Sin que fuera suficiente, desaceleró; frenó, pero no alcanzó. Antes que el movimiento, cesó el espacio y en ese segundo, el de lapso mayor, luego del chirrido de la frenada, casi de costado, impactó contra el auto sobre su puerta trasera.
En esos momentos tuvo plena conciencia. Lo inesperado, el miedo y el dolor lo obligaban a permanecer en el piso, tal como había caído. Podía oír su moto, aún encendida, también la señal de giro sonora, el humo del caño de escape, casi en su cara. No recuerda rostros, ni colores ni nada que no hayan sido sonidos. Sus ojos fueron sus oídos. Hasta pudo notar cuánto mal le podrían haber causado quienes se acercaron a ayudarlo, porque lo movieron.
 La experiencia de ambos en ese atípico martes fue amarga. El susto de Enrique, tremendo; el miedo y el dolor de Gabriel, peor. Los dos saben que el destino les hizo precio, aunque la sorpresa que tendría Gabriel superaría a su miedo y dolor.
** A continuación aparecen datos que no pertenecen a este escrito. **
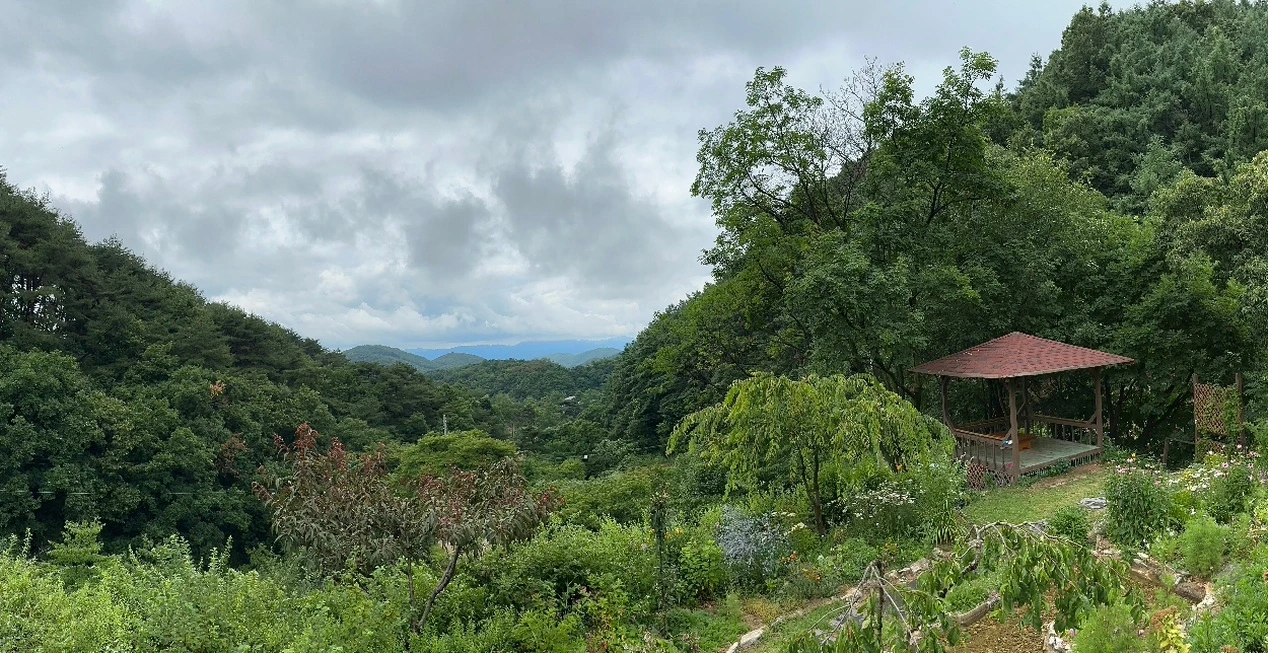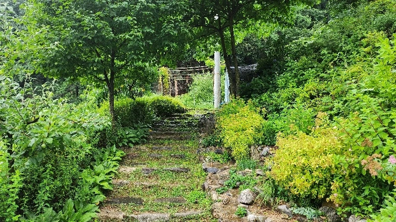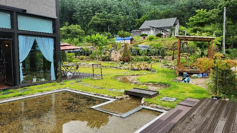 카페 입구에 도착하니 낯선 자연인이 마중을 나와 있다. 몇 년 전 마지막으로 본모습은 말끔한 정장차림의 화이트칼라 중년 남자였다. 장화를 신고 수염이 자란 구릿빛 얼굴이 TV에 나오는 자연인 그대로다. 그동안 카페 건물을 손수 짖고 주변 조경을 가꾸느라 낯선 자연인의 얼굴이 된 것이었다. 손글씨 이정표가 가리키는 방향을 따라 들어가니, 예전부터 그 자리에 있었던 듯 자연스러운 조경수와 이름 모를 야생화들로 꾸며진 돌계단이 보인다. 계단을 따라 올라가자 아담한 카페 건물이 나타났다. 졸졸졸 흐르는 인공 계곡과 연못 주변으로 잔디가 깔린 아기자기한 정원 풍경이 정말 아름다웠다. 산속 깊은 곳에 위치하여 아직 알려지지 않은 곳이다. 젊은 사람들은 비장의 데이트 코스, 시크릿 정원으로 삼아도 좋겠다.
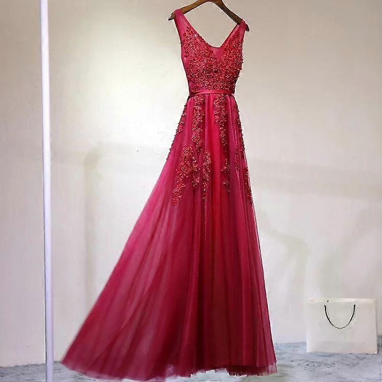 Evening Dress-Sexy V-neck Tulle Applique Robe in Red Wine-Red Wine,S
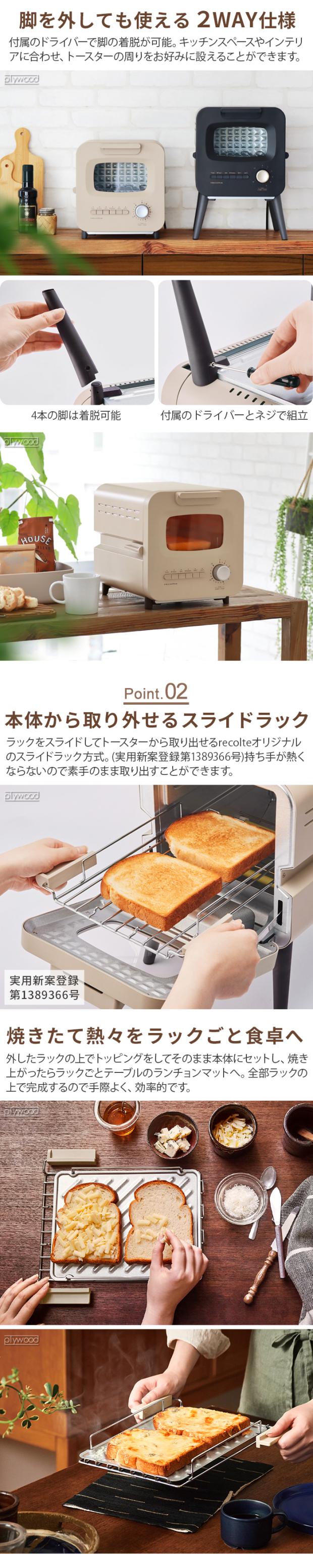 数量限定ブレッドBOX付★ トースター 2枚 オーブン おしゃれ レコルト スライドラックトースター recolte SlideRackToaster RSR-2 シンプル 小型 かわいい コンパクト 遠赤外線 朝食 トースト おすすめ 新生活 一人暮らし 家電 ギフト 結婚祝い 送料無料
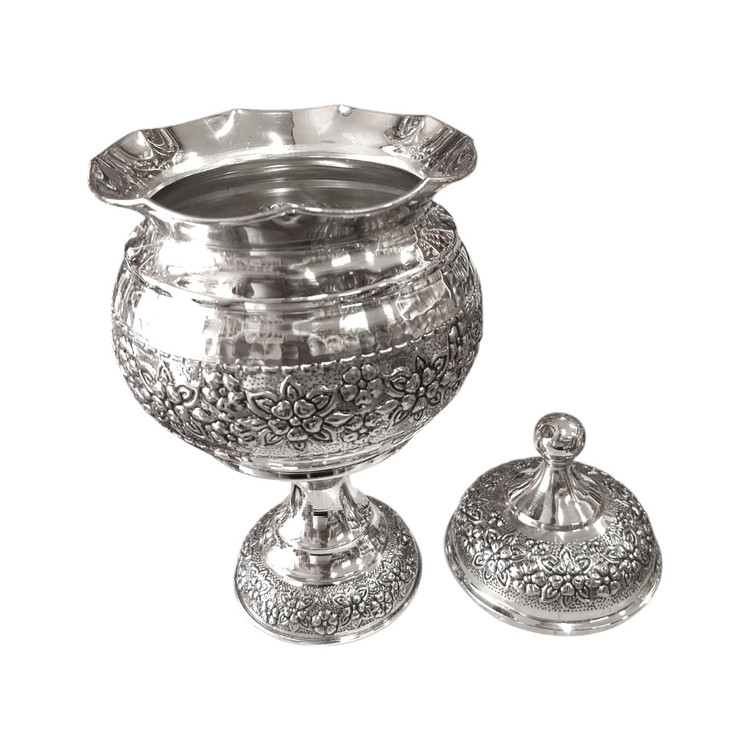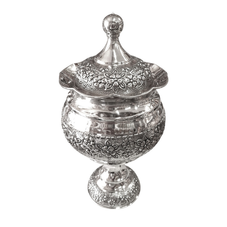 ظرفی از جنس مس با پایهای ظریف، طرح گلبرگهای چکشکاریشده و روکش کروم براق، مناسب برای سرو آجیل در مراسم رسمی و مهمانیهای مجلل. این اثر که با تلفیق هنر سنتی و پرداخت مدرن ساخته شده، زیبایی خیرهکنندهای به میز پذیرایی میبخشد.

A medianoche, ya en su casa, aún con cierta perturbación, le escuchó a Sarah, su fiel compañera, decir: “La maestra del jardincito me llamó a la tarde, algo intranquila y me relató que Grisel había tenido una conducta inusual para ella. Me contó que se puso de pie y se acercó hasta la pared sin motivo alguno y que comenzó a llorar. No podía contenerla –contaba la maestra-; la revisé si se había golpeado –algo tan común cuando juegan-, le preguntaba insistentemente qué le pasaba y ella no decía nada, sólo lloraba. Entonces, la abracé y cuando quise alzarla se comenzó a orinar…la verdad que me preocupé por su hija, mamá, por eso la llamé”.
Gabriel no necesitaba oír más: Grisel se había “sentido” mal a la misma hora de su accidente. No tuvo más que agradecer a Dios la oportunidad que tenía de poder verla dormir; y pedirle guarda y amparo para nunca incitar las lágrimas de Grisel.